# Technical Data Extraction: Attention Backward Speed Benchmark
## 1. Document Header
* **Title:** Attention backward speed, head dim 128 (H100 80GB SXM5)
* **Subject:** Performance benchmarking of different attention mechanisms on NVIDIA H100 GPU hardware.
## 2. Chart Metadata and Structure
* **Chart Type:** Grouped Bar Chart.
* **Y-Axis Label:** Speed (TFLOPS/s)
* **Y-Axis Scale:** Linear, ranging from 0 to 600 with major markers at [200, 400, 600].
* **X-Axis Label:** Sequence length
* **X-Axis Categories:** 512, 1k, 2k, 4k, 8k, 16k.
* **Legend Location:** Top-left [x: ~0.15, y: ~0.85].
## 3. Legend and Series Identification
The chart compares four distinct implementations, color-coded as follows:
1. **Standard attention** (Blue): Represents the baseline implementation.
2. **FlashAttention-2** (Orange): An optimized attention algorithm.
3. **cuDNN** (Red): NVIDIA's Deep Neural Network library implementation.
4. **FlashAttention-3** (Purple): The latest iteration of the FlashAttention algorithm.
## 4. Data Table Reconstruction
The following table transcribes the numerical values (TFLOPS/s) displayed above each bar in the chart.
| Sequence Length | Standard attention (Blue) | FlashAttention-2 (Orange) | cuDNN (Red) | FlashAttention-3 (Purple) |
| :--- | :--- | :--- | :--- | :--- |
| **512** | 104 | 214 | 305 | 316 |
| **1k** | 131 | 260 | 408 | 424 |
| **2k** | 159 | 291 | 465 | 501 |
| **4k** | 174 | 310 | 499 | 542 |
| **8k** | 181 | 318 | 518 | 559 |
| **16k** | OOM* | 322 | 516 | 561 |
*\*OOM: Out of Memory*
## 5. Trend Analysis and Observations
### Component Isolation: Performance Trends
* **Standard attention (Blue):** Shows a slow upward slope from 104 to 181 TFLOPS/s as sequence length increases, but fails at 16k due to memory constraints (OOM). It is consistently the lowest-performing method.

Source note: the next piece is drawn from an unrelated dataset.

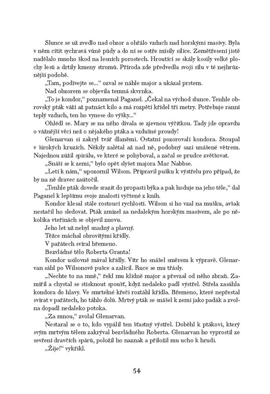 Ve svém rozsáhlém díle popsal Jules Verne cestu kolem světa hned v několika románech. V žádném z nich však hlavním hrdinům nenavršila jeho fantazie do cesty tolik děsivých překážek jako zde. Hrdinu románu lorda Glenarvana a jeho blízké vtáhla do smrtelného dobrodružství touha pomoci kapitánu Grantovi. Ten ztroskotal kdesi ve světě, přičemž vzkaz nalezený ve žraločím břiše poskytl jen jediné vodítko: to místo se nalézá kdesi na sedmatřicáté rovnoběžce jižní zeměpisné šířky. Nezbude tedy než putovat pustinami Jižní Ameriky a pak Austrálie a Nového Zélandu. Překážky vytváří nespoutaná příroda, ať už to jsou zemětřesení nebo větrné smrště, ale i lidé, lidojedi, uprchlí trestanci a především výlupek všeho zla, chladnokrevný zrádce. Čtenář dostává tento příběh do rukou opět v převyprávěné podobě podtrhující napínavost děje a vyzdobený skvostnými ilustracemi Zdeňka Buriana. Příběh se bude čtenáři odvíjet před očima jako dobrodružný film, od něhož se jen těžko dokáže odtrhnout.

* **FlashAttention-2 (Orange):** Shows a steady upward slope, roughly doubling the performance of standard attention across all sequence lengths, peaking at 322 TFLOPS/s.

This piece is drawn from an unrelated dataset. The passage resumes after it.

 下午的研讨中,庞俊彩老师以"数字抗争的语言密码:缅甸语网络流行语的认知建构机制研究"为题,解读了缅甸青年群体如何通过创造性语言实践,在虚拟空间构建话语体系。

* **cuDNN (Red):** Shows a sharp upward slope between 512 and 2k, then plateaus/levels off between 4k and 16k, maintaining a high performance around 516-518 TFLOPS/s.
* **FlashAttention-3 (Purple):** Shows the steepest and highest upward slope. It consistently outperforms all other methods. It continues to scale effectively even at 16k, reaching the highest recorded value of 561 TFLOPS/s.
### Key Findings
* **Scaling:** All methods show improved TFLOPS/s as sequence length increases, indicating better hardware utilization at higher workloads.
* **Efficiency:** FlashAttention-3 provides a significant performance boost over FlashAttention-2 (approx. 1.5x to 1.7x improvement depending on sequence length).
* **Stability:** While cuDNN is highly competitive, FlashAttention-3 maintains a lead of approximately 7-8% at the highest sequence lengths (8k-16k).
* **Memory Management:** Only the "Standard attention" implementation encountered an Out of Memory (OOM) error at the 16k sequence length, highlighting the memory efficiency of the other three optimized kernels.